----- Collected data

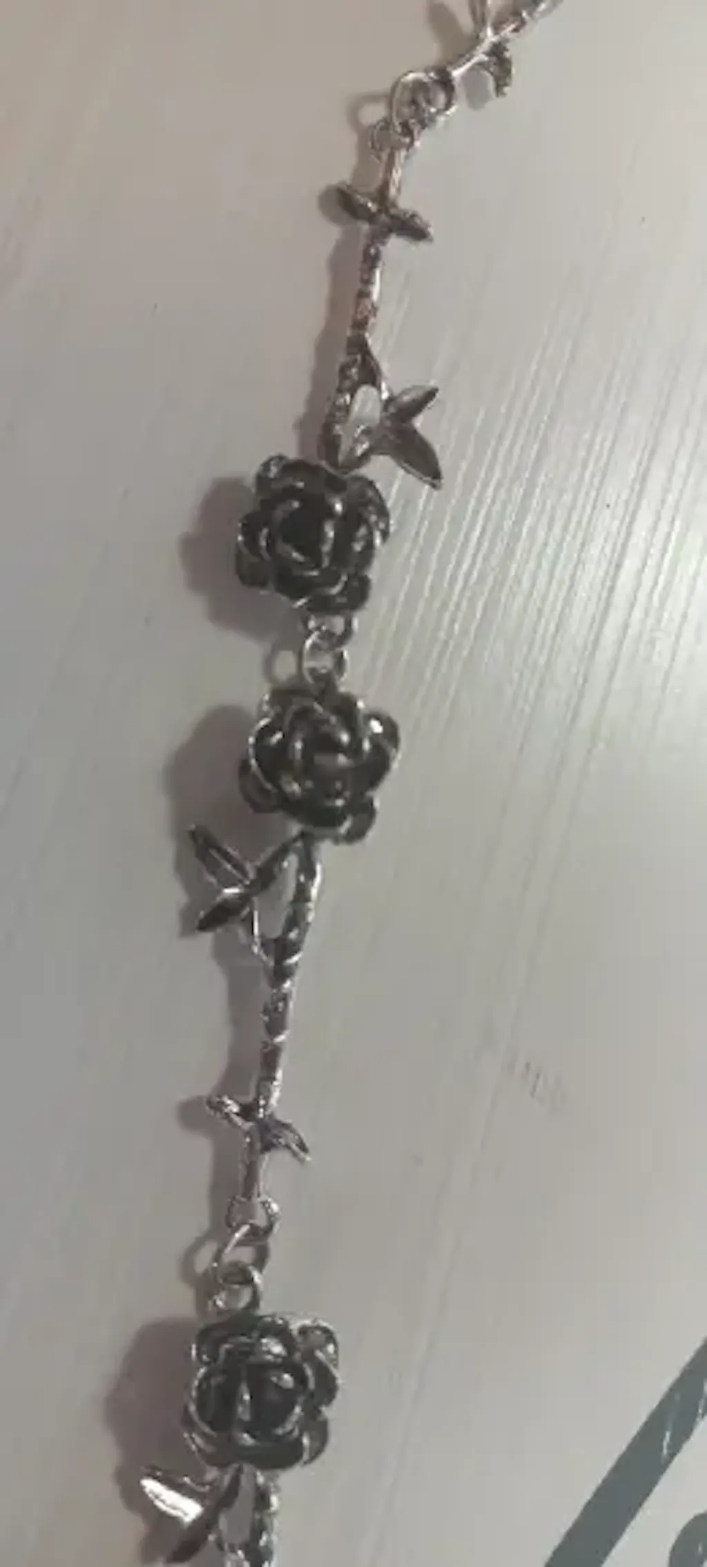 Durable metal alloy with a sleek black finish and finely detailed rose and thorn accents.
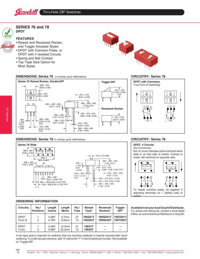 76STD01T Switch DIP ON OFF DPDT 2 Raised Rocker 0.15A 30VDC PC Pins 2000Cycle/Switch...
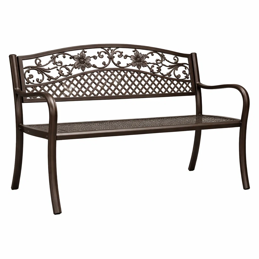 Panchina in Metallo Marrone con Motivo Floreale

----------

__What is needed__.
Without any of its images, the data above should be returned exactly.

__Answer space__.
 Durable metal alloy with a sleek black finish and finely detailed rose and thorn accents.
 76STD01T Switch DIP ON OFF DPDT 2 Raised Rocker 0.15A 30VDC PC Pins 2000Cycle/Switch...
 Panchina in Metallo Marrone con Motivo Floreale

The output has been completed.